Broadband pays



New research released by Ericsson, Arthur D. Little and Chalmers University of Technology today shows that doubling a country's broadband speed boosts its GDP by 0.3%, and that the benefits accrue with subsequent doublings.

What does with mean for Australia with its trillion dollar econonmy ($1039B in 2009, $925B in 2010)? According to Measurement Lab, the median download speed in Australia is a mere 4.23Mbps. This means that Australia could double its broadband speeds four times (4 -> 8 -> 16 -> 32 -> 64Mbps) and still be under the 100Mbps download speeds that the National Broadband Network (NBN) will deliver. Such a 16-fold increase in broadband speeds would amount to ~1.2% of GDP growth stimulus, or ~$12B per year. If so, the $43B NBN would pay for itself in under 4 years. Even a modest 0.5% increase in GDP (~$5B/year) would pay for it within a decade.

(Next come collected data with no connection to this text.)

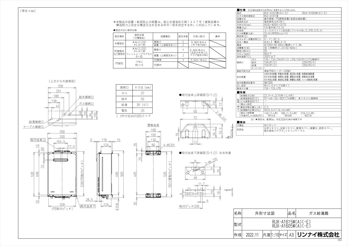 給湯専用ガス給湯器 16号 屋外壁掛型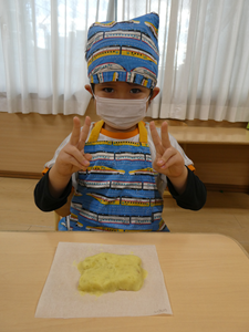 「どんな形にしようかな?」「あれ?意外と難しいな…」といろいろ考えながら感触も楽しみながらスイートポテト作りを楽しんでいましたよ!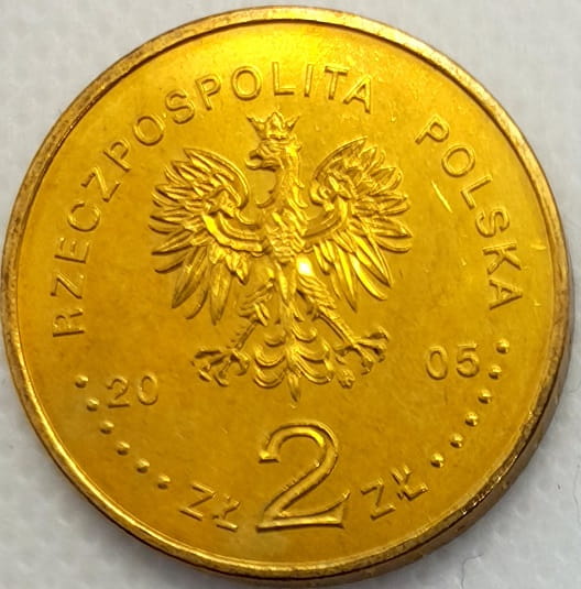 Na awersie monety wizerunek orła w koronie ustalony dla godła Rzeczypospolitej Polskiej. Po bokach orła rok emisji monety: 20-05. Pod orłem nominał monety w zapisie: ZŁ 2 ZŁ, w otoku przy rancie monety napis: RZECZPOSPOLITA POLSKA poprzedzony oraz zakończony sześcioma perełkami. Pod lewą łapą orła znak mennicy: m/w

For those of you still wondering what we're going to do with all that bandwidth, take a look at this chart plotting TV image resolution by year.


This shows the evolution from the original 405 line system in 1936 to 1080p in 2004, a 10-fold increase in image size from 0.2 Megapixels to 2 Megapixels (data here).  What's interesting is that the real action has happened in the last decade, with the advent of high definition (HD) TV, first 720p and more recently 1080p. Further, the TV/video industry is hardly about to stop innovating any time soon; the next standard, is likely to be so-called "4K" with whopping 12 Megapixel images!

And video will be just one of many applications that benefit from faster broadband.